Exercise details:
Only the lines below from the one containing "Manolo Blahnik Women’s" through the one containing "最后將40BP支架植入SAO" belong in the answer, repeated exactly and without pictures.

Data for this exercise:
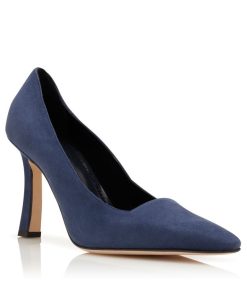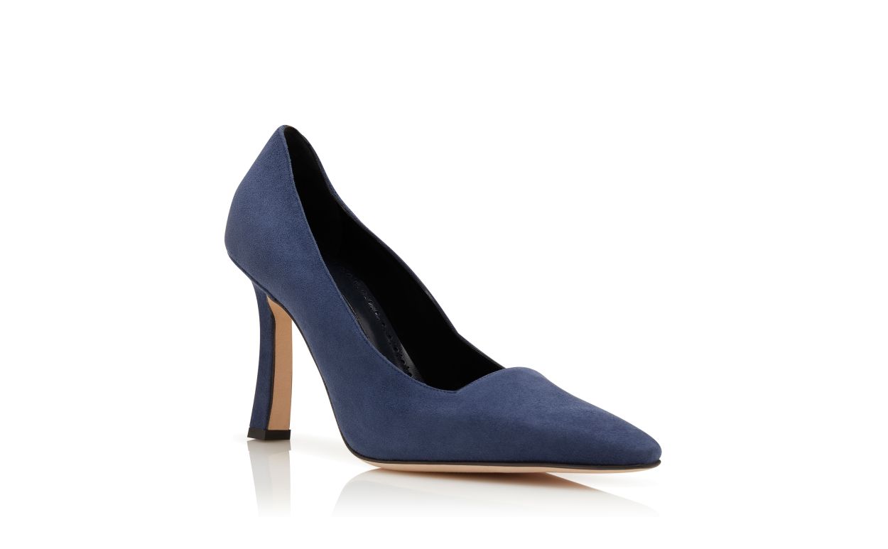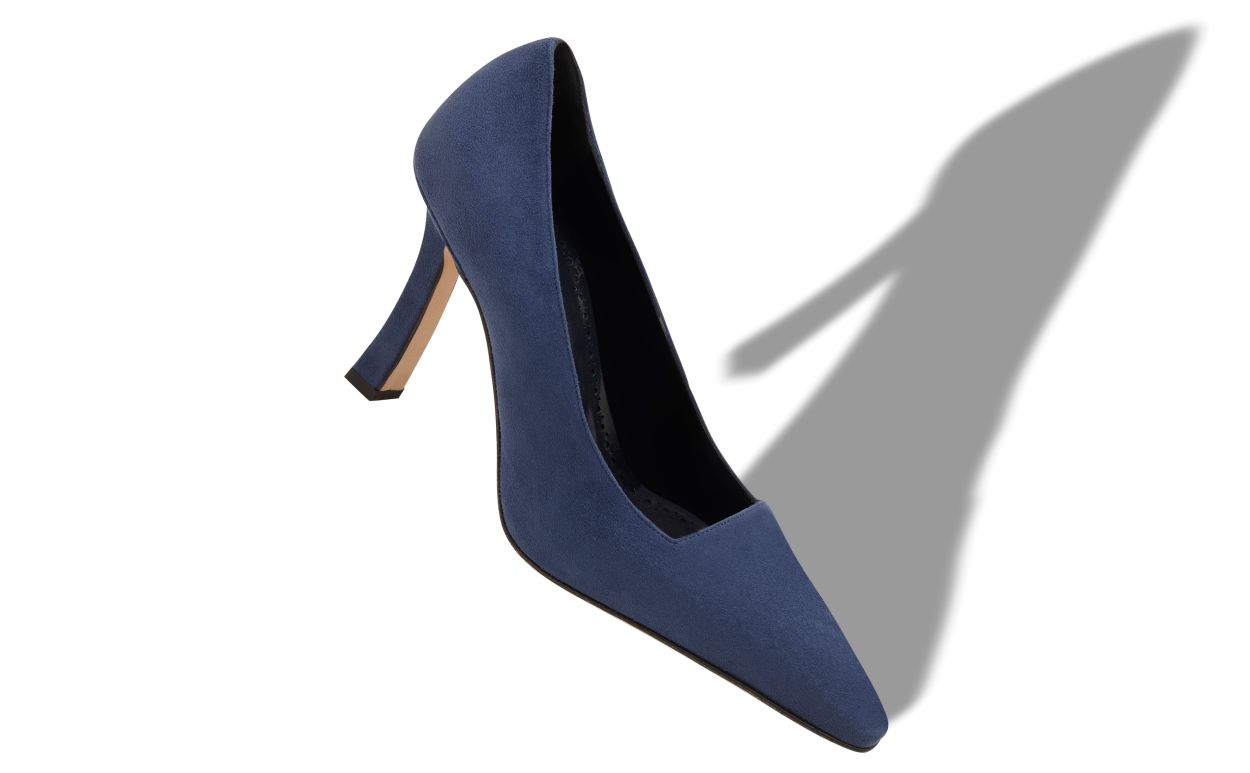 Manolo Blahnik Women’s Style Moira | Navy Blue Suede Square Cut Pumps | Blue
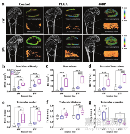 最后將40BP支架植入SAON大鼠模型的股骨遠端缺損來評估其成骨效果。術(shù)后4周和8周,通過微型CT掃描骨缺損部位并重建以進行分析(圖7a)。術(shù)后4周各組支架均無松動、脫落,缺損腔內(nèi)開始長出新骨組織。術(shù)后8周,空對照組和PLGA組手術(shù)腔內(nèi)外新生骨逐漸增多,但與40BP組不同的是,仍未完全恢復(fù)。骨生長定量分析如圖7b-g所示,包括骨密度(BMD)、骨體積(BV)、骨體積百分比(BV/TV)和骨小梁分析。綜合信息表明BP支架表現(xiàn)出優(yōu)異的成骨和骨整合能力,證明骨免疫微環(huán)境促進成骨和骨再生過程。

--

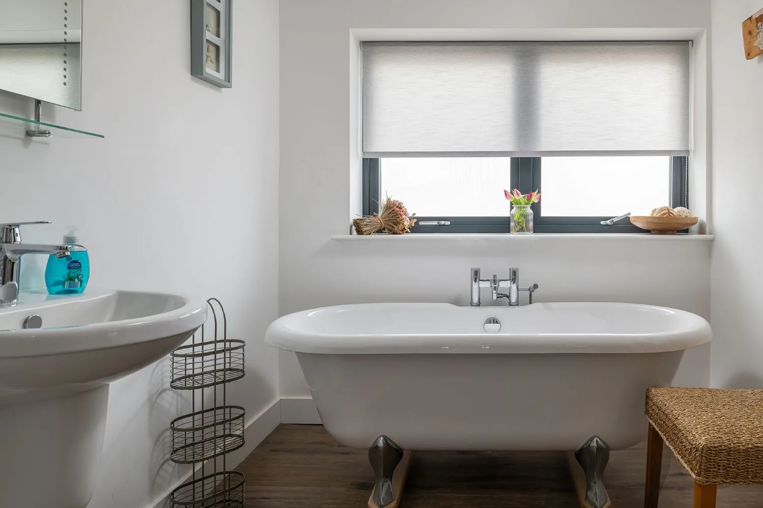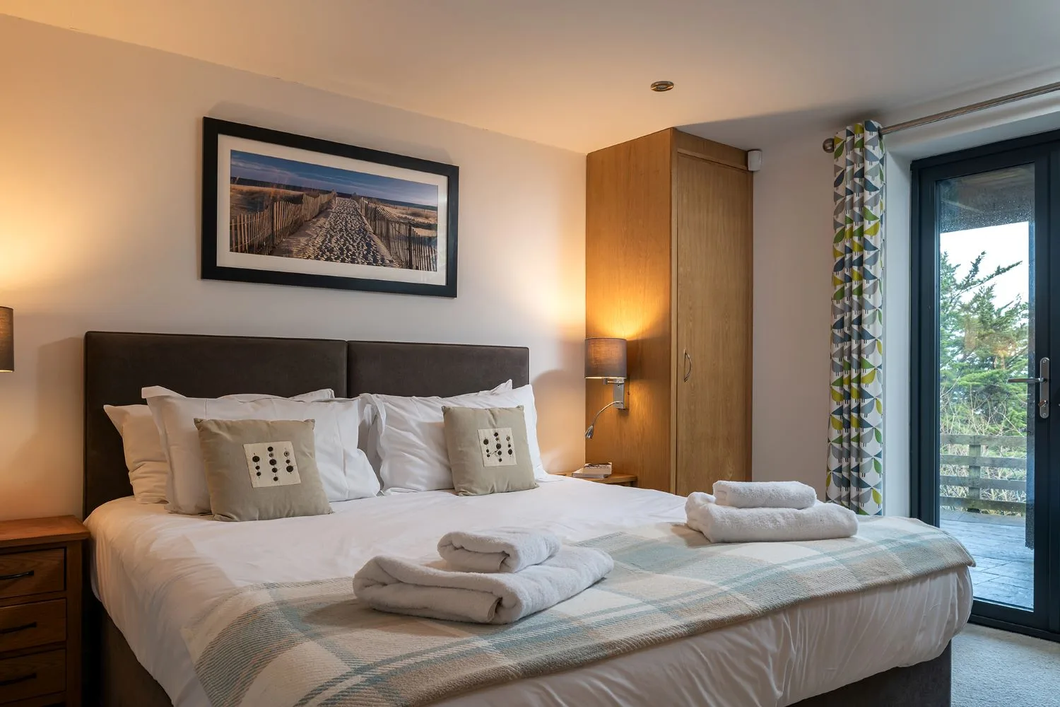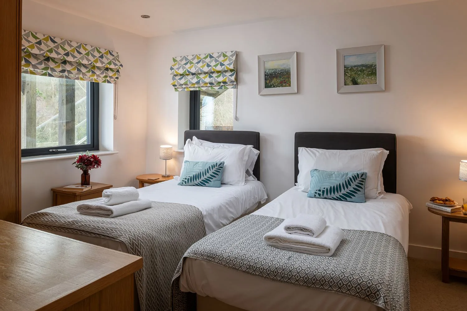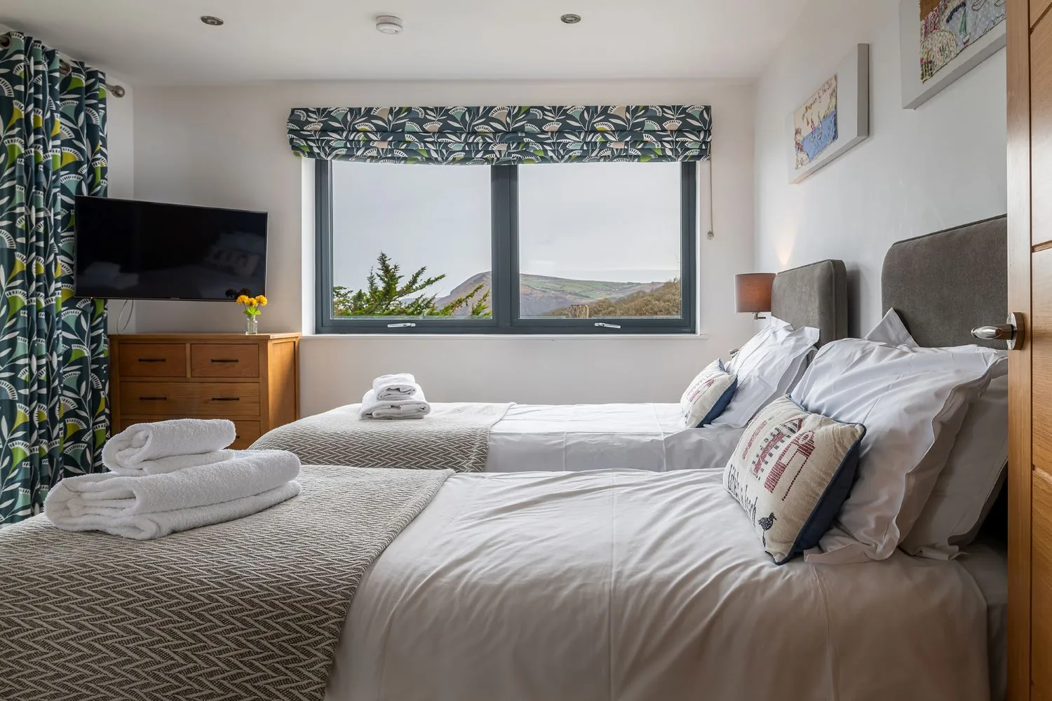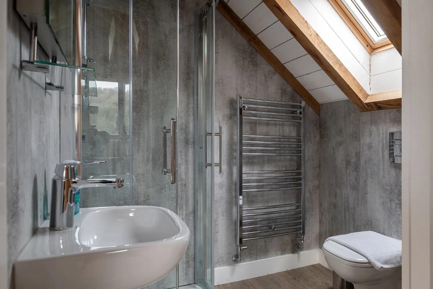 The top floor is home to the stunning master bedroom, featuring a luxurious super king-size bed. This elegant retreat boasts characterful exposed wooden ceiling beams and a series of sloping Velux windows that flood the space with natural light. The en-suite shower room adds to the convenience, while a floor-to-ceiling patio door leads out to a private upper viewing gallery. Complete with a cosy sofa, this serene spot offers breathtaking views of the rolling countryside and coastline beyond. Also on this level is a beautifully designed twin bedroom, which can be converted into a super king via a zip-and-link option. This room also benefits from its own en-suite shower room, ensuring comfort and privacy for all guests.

Response area:
 Manolo Blahnik Women’s Style Moira | Navy Blue Suede Square Cut Pumps | Blue
 最后將40BP支架植入SAON大鼠模型的股骨遠端缺損來評估其成骨效果。術(shù)后4周和8周,通過微型CT掃描骨缺損部位并重建以進行分析(圖7a)。術(shù)后4周各組支架均無松動、脫落,缺損腔內(nèi)開始長出新骨組織。術(shù)后8周,空對照組和PLGA組手術(shù)腔內(nèi)外新生骨逐漸增多,但與40BP組不同的是,仍未完全恢復(fù)。骨生長定量分析如圖7b-g所示,包括骨密度(BMD)、骨體積(BV)、骨體積百分比(BV/TV)和骨小梁分析。綜合信息表明BP支架表現(xiàn)出優(yōu)異的成骨和骨整合能力,證明骨免疫微環(huán)境促進成骨和骨再生過程。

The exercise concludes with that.